The Covid pandemic drove the US economy into the most profound plunge in ages. In the wake of hitting the most significant unemployment level the nation has seen since the Great Depression in April, the unemployment rate has consistently fallen.
The Senate passed a $1.9 trillion fiscal incentive package on Saturday containing direct checks for a great many Americans. This package aims to revive the US economy back to its days of glory.
There are empowering signs about the employment market. Total occupation postings sped up for a fifth consecutive week. Hotel Bookings are likewise up, a sign the important services industry is beginning to improve.

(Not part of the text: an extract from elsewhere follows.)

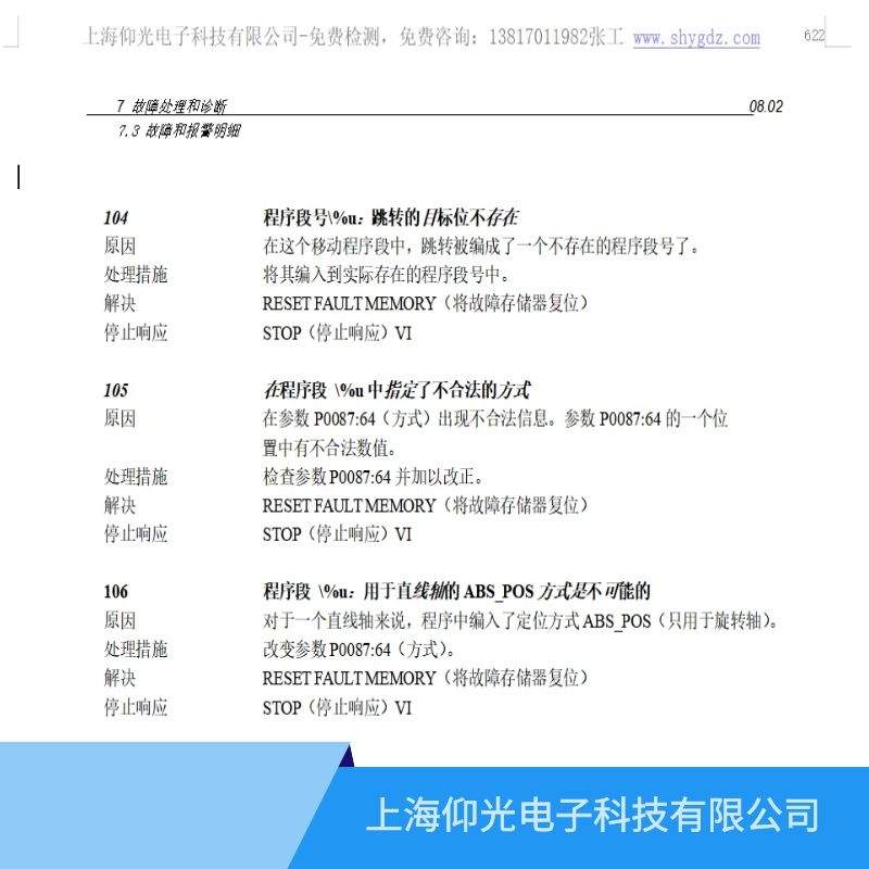 故障原因:對于 SET_O 或者 RESET_O 指令,在參數(shù) P0086:64(指令參數(shù))中輸入了不合法的數(shù)值。

Let's have a look at how US business leaders are looking forward to a post-pandemic economy:
In terms of workforce, as different types of vaccines have rolled out, business leaders are optimistic for a post-pandemic period where they are looking forward to expansion and growth. However, it should be noted that it isn't easy simply returning to business as usual. The pandemic has allowed companies to reimagine how the work should be done and how the workforce should be managed. So, the business leaders are looking at strategies where the post-pandemic recovery period would take account of policies and procedures implemented during the pandemic period such as work from home, etc.
According to PwC's report, more than 56% of CFOs plan to make work from home permanent, while others think work from home hinders creativity and innovation.
Investors and shareholders no longer rely on financials to judge a company but look at a broad set of KPIs considering a holistic approach to business dynamics. Just as companies produce financial reports showing the company's economic impacts, ESG Reporting has also gained importance among the investor community as this report displays the company's impact on three areas, mainly environment, social and corporate governance.
ESG provides a disclosure summary in quantitative and qualitative data based on analysis of performance across these ESG factors. Several businesses are now integrating financial reporting with ESG reporting to show the company's sustainability impact during the financial year.
According to Edelman Trust Barometer Special Report on Institutional Investors, 88% of investors have confidence in companies that prioritize ESG Reporting as such companies bring in long-term returns.
The year 2020 has been a year of unprecedented challenges. These challenges opened doors for new avenues while closed doors for many existing businesses. The pandemic has allowed us to look at areas and aspects that we wouldn't have otherwise looked at.
According to PwC's US Pulse Survey, 44% agree that their companies made appropriate updates to business continuity plans. Business leaders are taking bold steps to counter the challenges presented by the pandemic. C suite executives are concerned with financial implications that their businesses could inevitably face, including effects on liquidity, impact on operations, effects on company's equity, impact on financial position and performance.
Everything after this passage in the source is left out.